International Publication WO 91/06678 describes a DNA method that does not use any gel electrophoretic methods, as well as an apparatus for carrying out the method. The reaction requires 3′-blocked dTNP. Further, the method requires a process of separating the reaction solution from template DNA to separate the reaction solution in one reaction container from the template DNA during extension. In addition, this method requires determination of inserted nucleotide using the reaction solution fractionated in another reaction container. For continuous determination of such a sequence, the cycle must be repeated. Therefore, the method is complicated in a practical sense.

Furthermore, WO 94/00346 describes a nucleotide sequencing method that does not require electrophoresis. Even by this method, DNA extension reaction is essentially progressed in a step-wise manner. Additionally, the method inevitably involves a separation process of the reaction solution from template DNA, by procedures such as the immobilization of the template DNA.

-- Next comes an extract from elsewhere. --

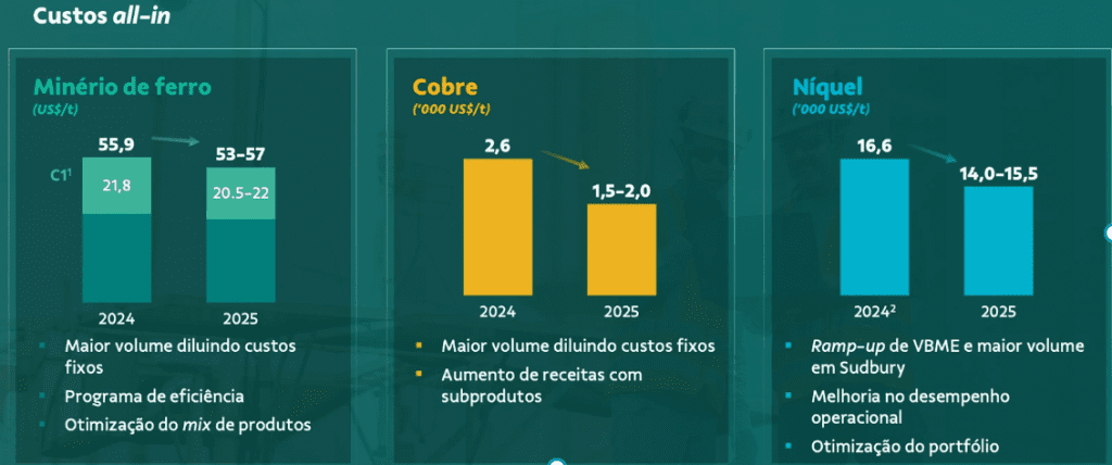 Ajudados por essas e outras iniciativas, os custos all-in de Minério de Ferro entregues na China devem ficar perto do low do guidance (US$ 53/ton – US$ 57/ton). As reduções para Cobre (-32%) e Níquel (-11%) considerando o meio do guidance são ainda mais expressivas, reflexo principalmente do aumento de produção.

Accordingly, there remains a critical need for direct assay reactions that occur continuously in a single reaction solution to enable the determination of DNA sequence in real time.

SUMMARY OF THE INVENTION

It is considered that an ideal mode of continuous plural determination of nucleotide sequence is a method including directly assaying reactions continuously occurring in a single reaction solution to enable the determination of DNA sequence in real time. However, it has been difficult to detect DNA sequences (alignment), which is supposedly positional information in a certain sense, based on reactions occurring in a single reaction solution. Previously, electrophoretic separation and step-wise DNA extension methods have been considered as an essential process for avoiding the tough problems.

The invention overcomes the problems and provides a method capable of determining a nucleotide sequence of a single nucleotide or plural nucleotides by assaying reactions in a single reaction solution.

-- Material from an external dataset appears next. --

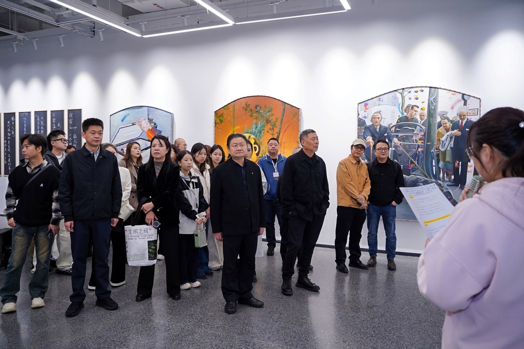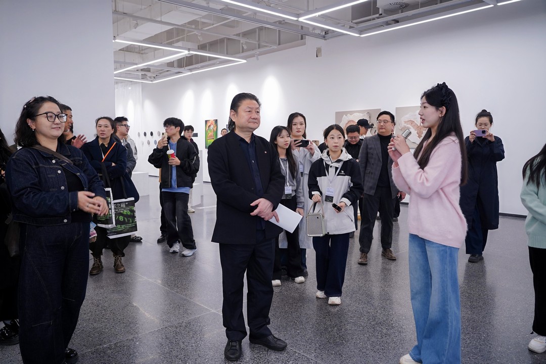 陕西省美术协会主席、西安美术学院院长朱尽晖作开幕致辞,他表示此次展览的主题“生成之间”意在促使我们深入思考当代中国的策展实践及其方法创新,面对新技术、新媒介、新机制、新环境,青年策展人需要创造性地回应和解决文化生产新变革、文化消费新需求及其带来的新问题。解构与重塑人工智能时代艺术家与策展人的对话语境,呈现中国青年策展人对当代社会和多元文化的审美观察与理性思考。现场展览呈现的作品形式多样,融合绘画、AI等,饱含对自然、生命、现实的深度思考与批判性,兼具学术意义与创新性,期待后续论坛能够碰撞出新思想,并预祝展览成功。

The present method comprises continuously generating a reaction product in a nucleotide extension reaction of a polynucleotide chain; detecting the reaction product; and determining the alignment in the sequentially extending polynucleotide.

This process may be achieved by employing a DNA polymerase or an RNA polymerase is employed to facilitate the extension reaction of a polynucleotide chain. Further, the reaction product may be a fluorescent substance. In a particularly preferred embodiment, the nucleotide used as a starting substrate of the extension reaction of polynucleotide chain is a fusion substance of a fluorescent substance and a nucleobase; and wherein the reaction product is a fluorescent substance released from the fusion substance. The inventive method may use the DNA polymerase or RNA polymerase to catalyze the release of the reaction product from the fusion substance. Moreover, the fusion substance may be a deoxyribonucleotide 5′ triphosphate ester or a ribonucleotide 5′ triphosphate ester. In a preferred embodiment, the excitation and emission profile of the fluorescent substance varies, depending on each nucleotide as the substrate of the extension reaction.

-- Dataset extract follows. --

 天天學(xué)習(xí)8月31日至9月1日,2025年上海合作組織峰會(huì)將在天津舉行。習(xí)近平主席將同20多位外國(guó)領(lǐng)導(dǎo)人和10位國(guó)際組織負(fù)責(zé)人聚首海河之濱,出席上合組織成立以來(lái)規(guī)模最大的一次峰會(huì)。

The present invention also provides a method for comparing the gene sequences of plural biological species or different individuals, comprising: determining the nucleotide sequences of two or more polynucleotide chains using the method described above; and comparing the nucleotide sequences to detect the differences between the nucleotide sequences.

Further, the present invention provides a method for detecting a gene causing the difference in biological species or individuals, comprising employing the method of comparing the gene sequences of plural biological species or different individuals.

Also in an embodiment of the present invention is a diagnostic method, comprising: determining the nucleotide sequence of a test subject; determining the nucleotide sequences of a polynucleotide chain from a patient in need thereof; and comparing the nucleotide sequences to detect the differences between the nucleotide sequences. In this embodiment, the test subject may have a nucleotide sequence encoding a gene causing a disease selected from the group consisting of obesity and diabetes mellitus.

The above objects highlight certain aspects of the invention. Additional objects, aspects and embodiments of the invention are found in the following detailed description of the invention.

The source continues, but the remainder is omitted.